Ich kann noch immer nicht wieder gucken, das ist ganz schön doof - und mir ist langweilig, weil ich gar nichts machen kann.
Nach fast 6 Stunden wird es endlich besser. Ich setze die Kontaktlinsen ein und zusätzlich meine Sonnenbrille auf, denn jetzt soll es der Konifere auf dem Balkon an den Kragen gehen.
Ursprünglich war die mal 30cm groß und wuchs im Balkonkasten.
Inzwischen überragt sie mich und bereits im vergangenen Sommer dachte ich (mit schlechtem Gewissen) darüber nach, dass sie langsam zu groß wird und bald nicht mehr bleiben kann.
Seit den 2- stelligen Minusgraden im Februar ist der Baum nun total braun geworden. Das erleichtert die Entscheidung: sie kommt weg! Schnipp, schnapp landet sie erst in der Tasche und dann im Müll.
Weil ich eh gerade am Räumen bin, verschwindet auch die Osterdeko gleich in ihrem Karton.
Ein Ei hat dieses Osterfest leider nicht überlebt.

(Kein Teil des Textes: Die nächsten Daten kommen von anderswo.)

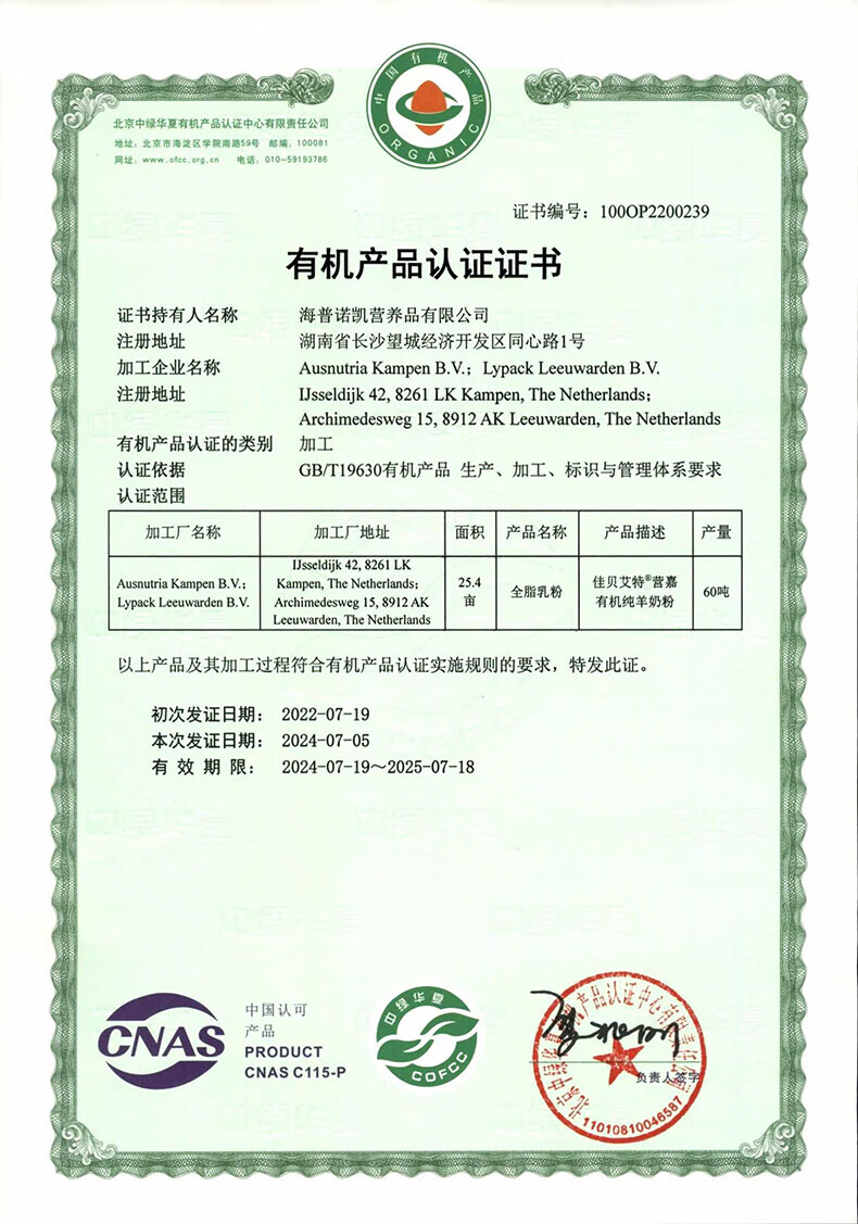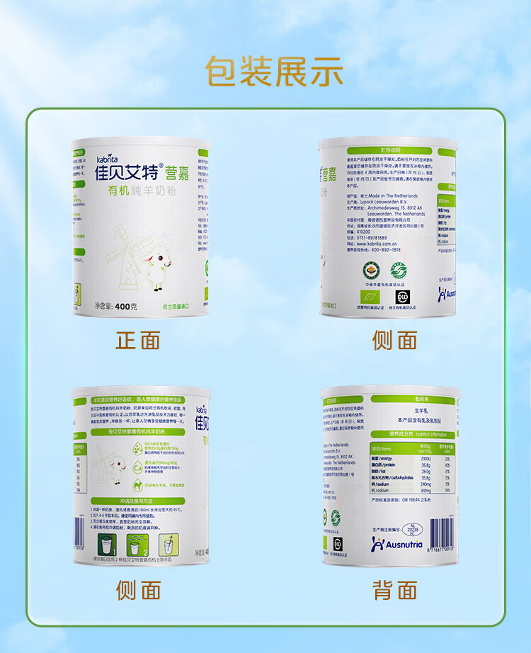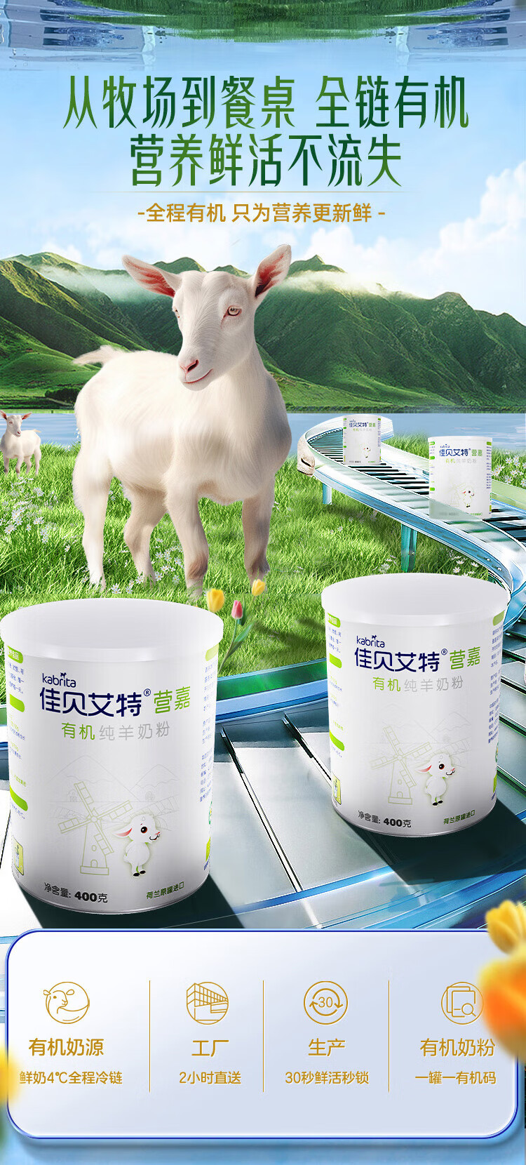 佳贝艾特(Kabrita)羊奶粉营嘉有机3.8倍原生高钙中老年成人荷兰原装进口青少年400g 【有机纯羊奶粉】400g*1罐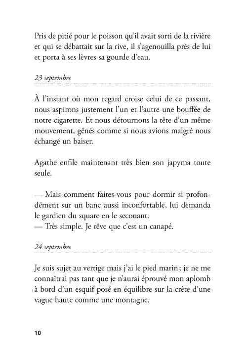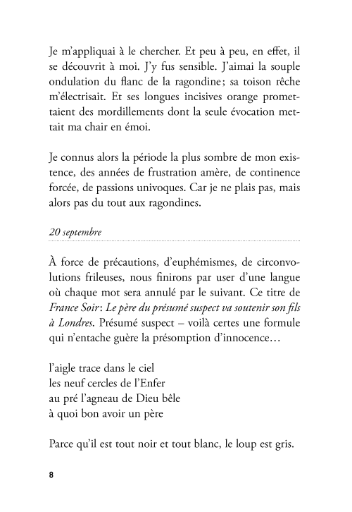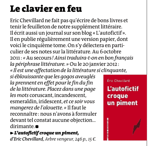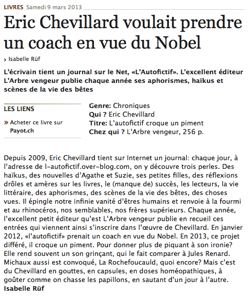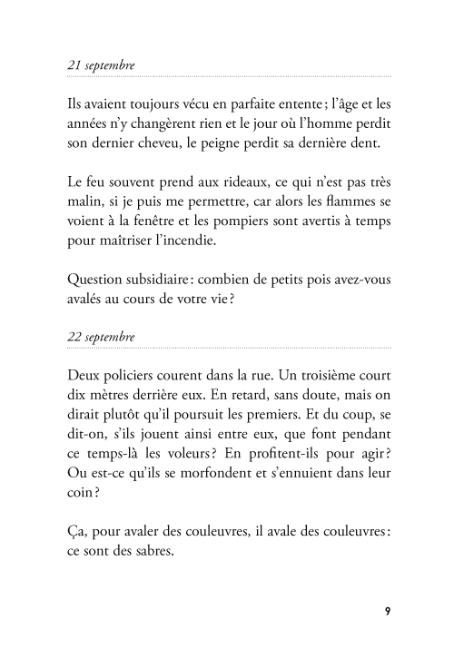 « C’est Jules Renard, Pascal et La Rochefoucauld réunis, et encore plus que ça. Les petits faits de la vie, de menues observations mis en formules gnomiques et transfigurés par l’invention, l’humour, la fantaisie. Autre chose que la morne liste des courses qui fait l’ordinaire de ce qu’on nomme autofiction, sans doute pour signifier que ça exclut toute inventivité. »

Als ich fertig bin, habe ich Durst und will mir frisches Wasser aufsprudeln. Mist. Die Kartusche ist leer. Also auf zum Supermarkt.
Leider geht genau zu dem Moment draußen die Welt unter und es schneegraupelt.
Okay, dann gibt es zuerst Kaffee. Weil von Ostern noch (regional! produzierter) Eierlikör übrig ist, mische ein wenig davon in meinen Kaffee.
Und - wenn schon, denn schon, kommt obendrauf auch noch Schokosauce. Lecker!
Als der Kaffee leer ist, scheint draußen auch bereits wieder die Sonne.
Dieser April macht seinem Ruf wirklich alle Ehre!
Ich kaufe eine neue Kohlensäure- Kartusche und nehme auch noch Hyazinthen ♥ mit und flüchte vor der neuerlich aufziehenden schwarzen Wetterwand zurück nach Hause.
Jetzt aber hurtig, denn Montag ist Yogastunde - aktuell online, versteht sich - und mein Tag endet vorerst in der Abendsonne auf der Matte...
... bevor ich anschließend noch die Fotos sichte und dieses Posting schreibe.
Wer noch dabei ist, schaue ich bei Caro - klick - (Werbung wegen Verlinkung) dann morgen und wünsche Euch eine GUTE NACHT.